Paul Dales, chief UK economist at Capital Economics said: “In the third quarter as a whole, GDP may have risen by around 1.4% quarter on quarter. That would be weaker than the 2.1% quarter on quarter rise the Bank of England expected in September. So while the chances of an interest rate hike this year have recently risen, a weaker activity outlook means it’s not a done deal.”
6.50am: Leading shares set for unchanged start
The FTSE 100 is expected to open flat at 7,130 ahead of some key releases in the US.
In August US CPI fell back from 5.4% in July to 5.3%, while core prices fell from 4.3% to 4%. No further changes are expected to either number, however given the continued resilience in energy prices, and the disruption caused by Hurricane Ida that may be more of a hope than an expectation.
Tonight’s Fed minutes should give us an insight into the FOMC’s thinking from the nature of its statement.
The Fed said that “if progress continues broadly as expected, the Committee judges a moderation in the pace of asset purchases may soon be warranted”.
“Nobody really expected this to mean November, but from the tone of Powell’s press conference later this appeared to be what the FOMC wanted us to think, despite there only being one payrolls report between now and the November meeting,” commented Michael Hewson at CMC Markets.

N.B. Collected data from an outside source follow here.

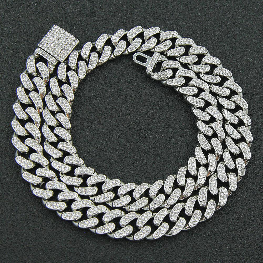 | Collar de cadena cubana con hojas de diamante estilo hip-hop europeo y americano para hombres y mujeres, accesorios de motocicleta punk a la moda |
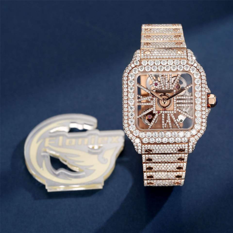 Factory Direct Supply Moissanite Automatic Watch Sapphire Crystal Pointer 42mm Stainless Steel Band ETA Movement Alloy Case
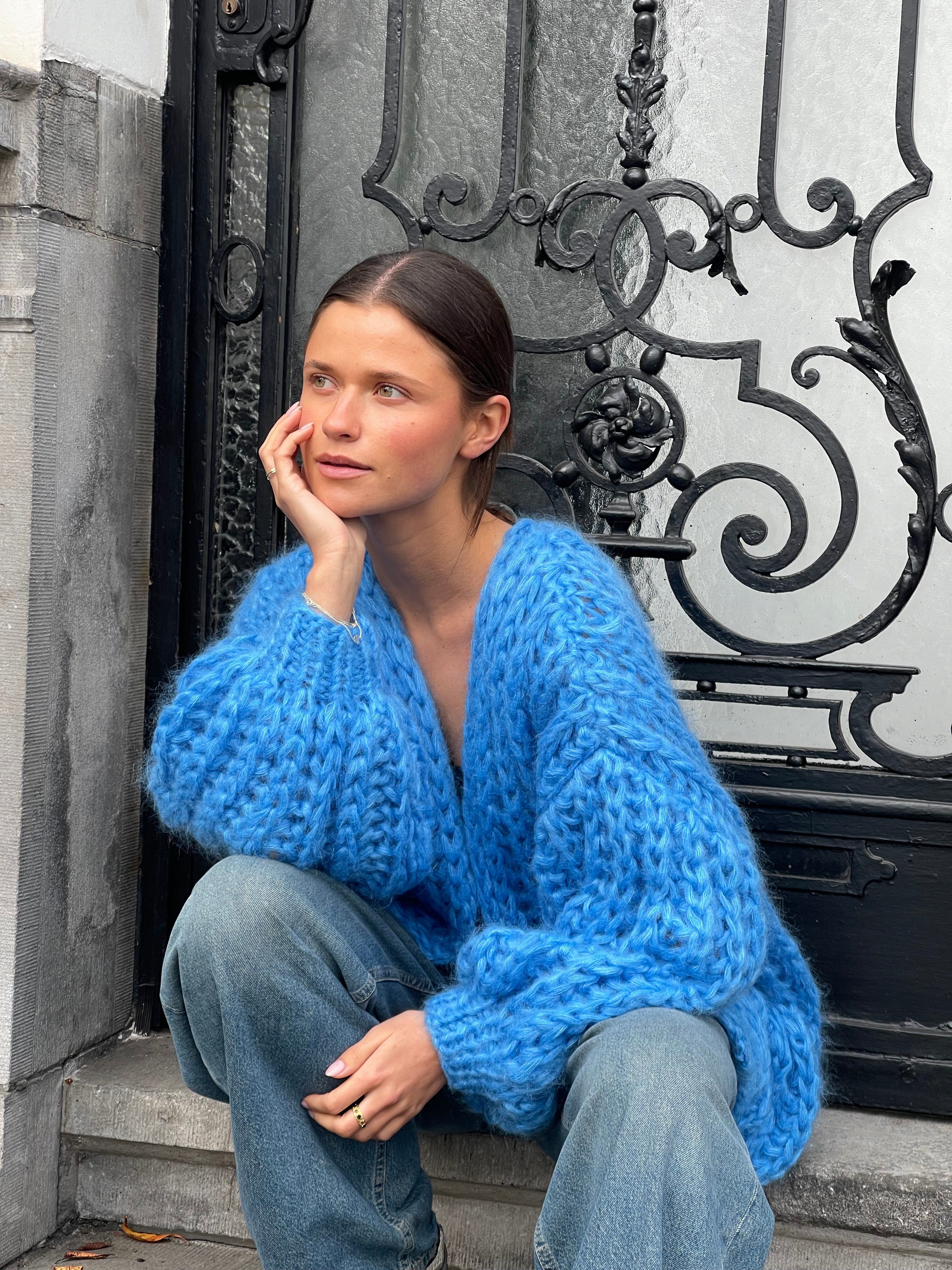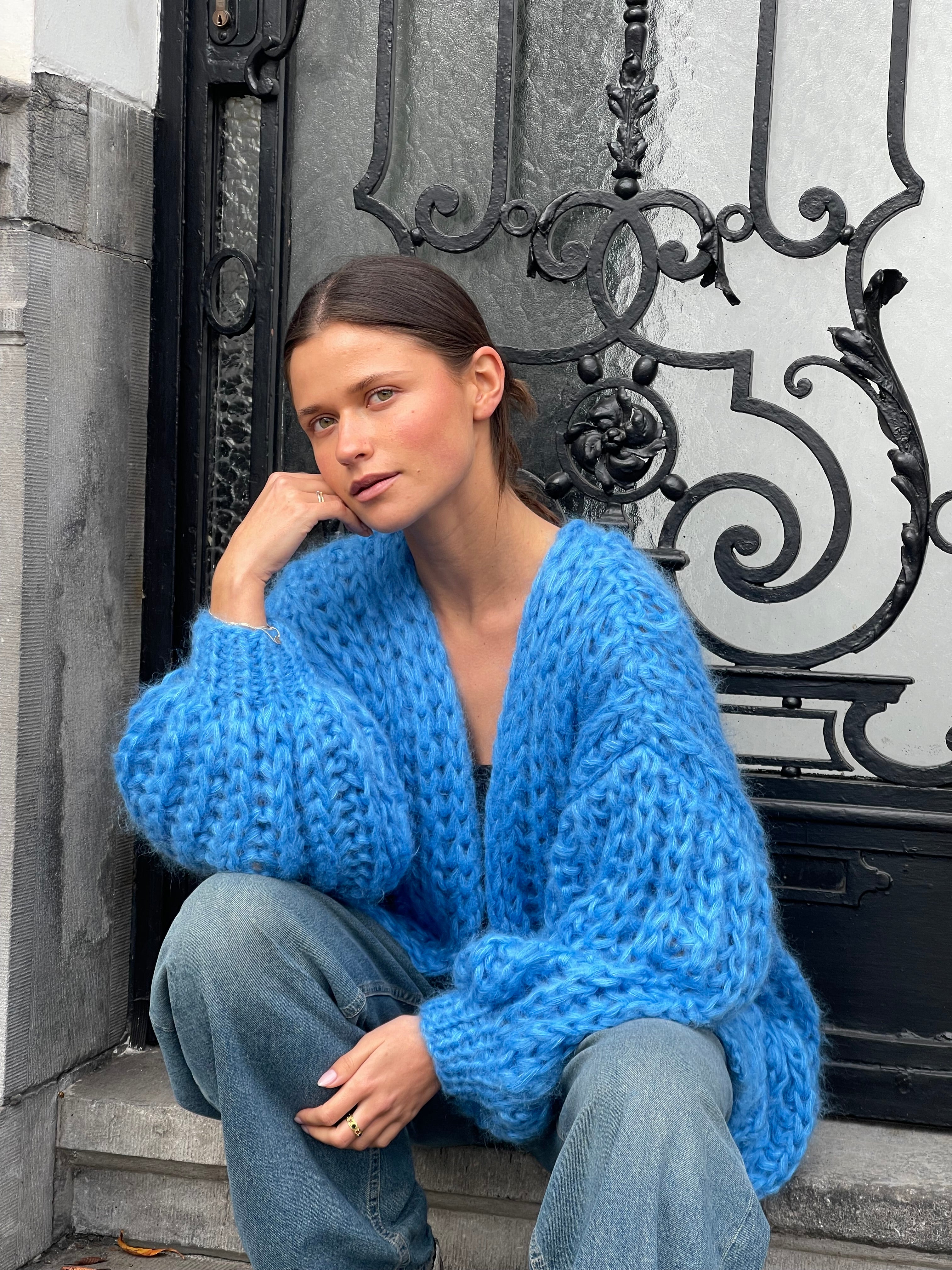 Audrey Cardigan Rib Jeans Blue

“While a taper seems pretty much nailed on now, speculation has now shifted to the timing of the first interest rate increase.”
“This is especially important given that the number of FOMC members who saw the potential for a rate rise in 2022 increased from 7 in June, to 9, meaning the committee are evenly split, however that is likely to change if the data evolves as expected, which means that a rate hike for 2022 is likely to become a majority view by the end of this year, which is a big shift in thinking from earlier this year.”
“Since that meeting a lot of water has passed under the bridge, we’ve seen further sharp rises in the costs of energy, as well as further supply chain disruption feeding into headline inflation, and we’ve also seen a pretty disappointing payrolls report, that could influence thinking next month.”
6.50am: Early Markets – Asia / Australia
Shares in the Asia-Pacific region were mixed on Wednesday as trading in Hong Kong was cancelled because of severe weather due to Typhoon Kompasu.
The Shanghai Composite gained 0.25% after China’s trade surplus with the U.S. rose to a monthly record of US$42 billion in September — exports surged by about 30% from a year ago, while imports climbed by just under 17%.
In Japan, the Nikkei 225 fell 0.20% while South Korea’s Kospi gained 0.96%.
Australia’s S&P/ASX200 dropped 0.11% to 7,272.50 as many companies that move or make things warned of profit pressures owing to rising input costs.